Namun kekuasaan minoritas tidak hanya ada pada kepresidenan. Ia juga terjadi di Senat. Mengingat sistem pemerintahan Amerika adalah bikameral maka pemerintahan minoritas ini memiliki dampak signifikan terhadap kekuasaan.
Senat mewakili negara bagian dimana setiap negara bagian mengirimkan dua senator. Jadi, California yang punya penduduk 34,5 juta dan Montana yang berpenduduk satu juta, sama-sama diwakili oleh dua senator.
Sekarang Senat dikuasai oleh mayoritas Republikan. Para senator dari mayoritas ini berasal dari negara-negara bagian yang kecil, yang mayoritas kulit putih, dan pedesaan. Kalau diukur dari jumlah populasi yang diwakili, mereka minoritas dibanding populasi negara-negara bagian yang diwakili Demokrat.
Yang membuat pemilu Amerika kali ini berbeda dengan yang sebelumnya adalah karena Amerika memiliki seorang Presiden yang tidak sedikit pun mengindahkan norma dan aturan-aturan yang ada. Donald Trump adalah seorang marketing yang jagoan. Dia menipu. Dia membual. Dia berbohong. Dan banyak orang percaya.
Seperti halnya jagoan marketing dimanapun juga, dia menebarkan keraguan. Ketika orang menjadi ragu, dia menawarkan sesuatu. Mungkin sangat tidak masuk akal, namun karena ragu, orang mau mempertimbangkan apa yang dilihatnya sebelumnya.
Taruh misalnya soal pandemi. Trump bersikeras bahwa Covid-19 sudah hilang dan Amerika menang melawan pandemi. Walaupun kasus infeksi naik terus akhir-akhir ini dan selalu mencetak rekor baru namun Trump terus menerus memompa keraguan. Dia menyajikan ‘fakta-fakta alternatif’ yang membuat banyak orang mempertimbangkan kenyataan yang dilihatnya. Akhirnya banyak pengikutnya percaya bahwa Covid memang sudah musnah. Amerika sudah menang.
Hal itu dilakukan oleh Trump di berbagai bidang. Dia meragukan pemilihan ini sah dan belum apa-apa sudah menuduh adanya kecurangan (playbook seperti ini pada 2019 di Indonesia dilakukan oleh siapa?).
Dia juga mengklaim prestasi apa saja yang tidak dilakukannya dan tidak peduli bahwa itu bohong. Seperti misalnya dia adalah presiden yang paling berjasa untuk orang kulit hitam Amerika sejak Abraham Lincoln. Klaim yang diulang-ulangnya tanpa pernah malu dan diikuti oleh para sycophants-nya.
Persoalannya kemudian apakah orang-orang Amerika masih percaya pada semua gelembung kebohongan itu?
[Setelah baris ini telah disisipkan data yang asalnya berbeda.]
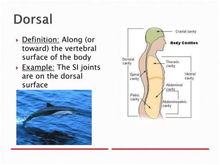 - Dorsal: Near the upper surface, toward the back.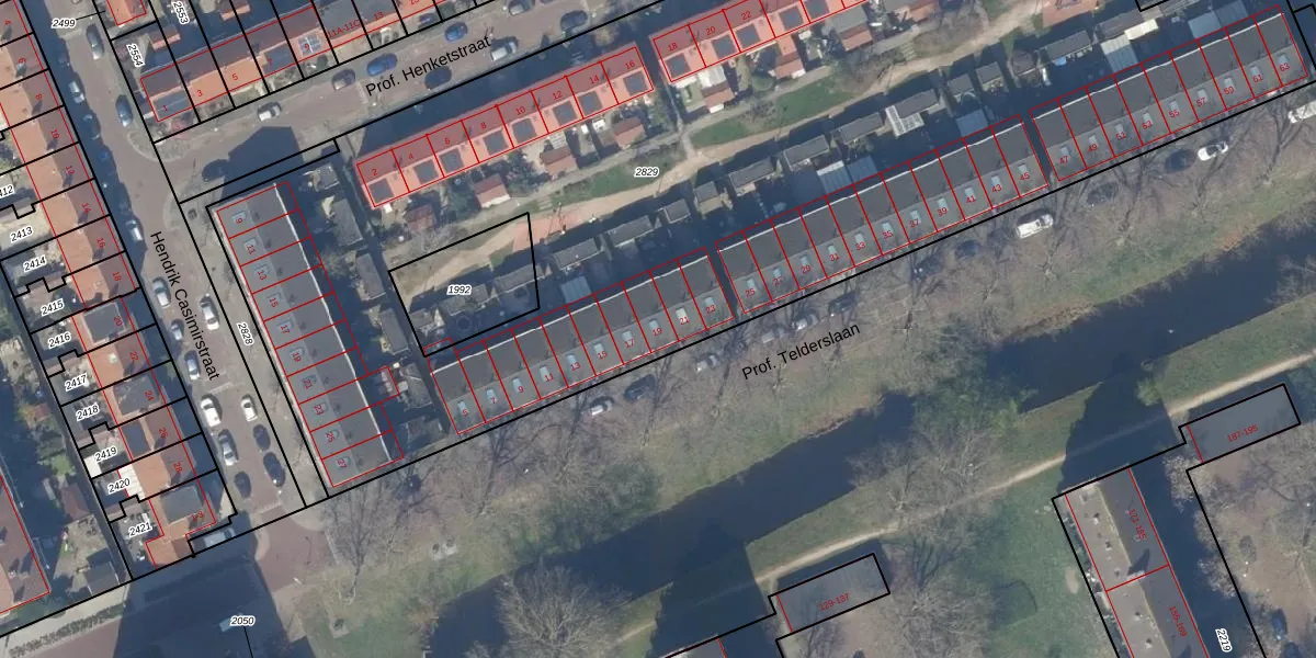 Prof. Telderslaan 19 is gelegen op kadastraal perceel DEL00K2829. Deze kadastrale aanduiding is uniek en wordt gebruikt door het Kadaster om eigendomsrechten en andere zakelijke rechten vast te leggen. Het perceel maakt onderdeel uit van de kadastrale gemeente Delft.

Pemilu besok akan menentukan.
Berbagai polling menunjukkan bahwa orang Amerika sudah jenuh dengan Trump. Mereka mengalami kelelahan yang amat sangat (fatigue) dengan semua kontroversi yang diciptakan oleh Trump ini. Sehingga pemilu besok ini bisa jadi adalah referendum akan Trump. Artinya, orang mengenyahkan Trump bukan karena mereka suka dengan Biden namun karena mereka muak dengan Trump.
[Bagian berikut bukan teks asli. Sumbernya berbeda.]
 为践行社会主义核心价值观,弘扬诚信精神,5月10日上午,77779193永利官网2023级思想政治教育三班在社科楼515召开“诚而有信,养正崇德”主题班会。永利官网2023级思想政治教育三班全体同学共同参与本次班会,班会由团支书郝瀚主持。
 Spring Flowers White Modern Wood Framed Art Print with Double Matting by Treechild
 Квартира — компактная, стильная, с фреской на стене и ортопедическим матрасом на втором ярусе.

Trump berkuasa dengan merusak tatanan masyarakat. Dia menyemai permusuhan dan kebencian. Itulah aspek yang paling mengkuatirkan dari pemilu ini. Mungkin Anda sudah melihat di berbagai berita bahwa kalangan bisnis di berbagai kota di Amerika sekarang sedang bersiap akan terjadi kerusuhan rasial – baik bila Trump kalah atau menang. Toko-toko menutup jendela dan pintunya dengan triplek. Mereka takut akan penjarahan.
Hal yang terakhir ini membuat saya sedikit bangga sebetulnya. Indonesia punya pemilu yang regular namun tidak dalam suasana mencekam seperti di Amerika saat ini.
Hanya saja, dalam hal bakar membakar, orang Amerika tidak lebih pintar dari orang Indonesia. Melapisi jendela dengan tripleks mungkin tidak banyak menolong. Bagaimana kalau ia dilempar bom Molotov? Apakah tidak terbakar juga seluruh toko?
Dalam hal bakar membakar orang Indonesia jauh lebih canggih dan pintar. Masih ingat bagaimana puntung rokok bisa membakar sebuah gedung yang penuh berisi barang bukti kejahatan dan berkas perkara kriminal? Hanya dengan punting rokok lenyap sebuah gedung dengan segala bukti perkara kejahatan. Masih ingat itu? Dalam hal ini, kita harus bangga sebagai bangsa.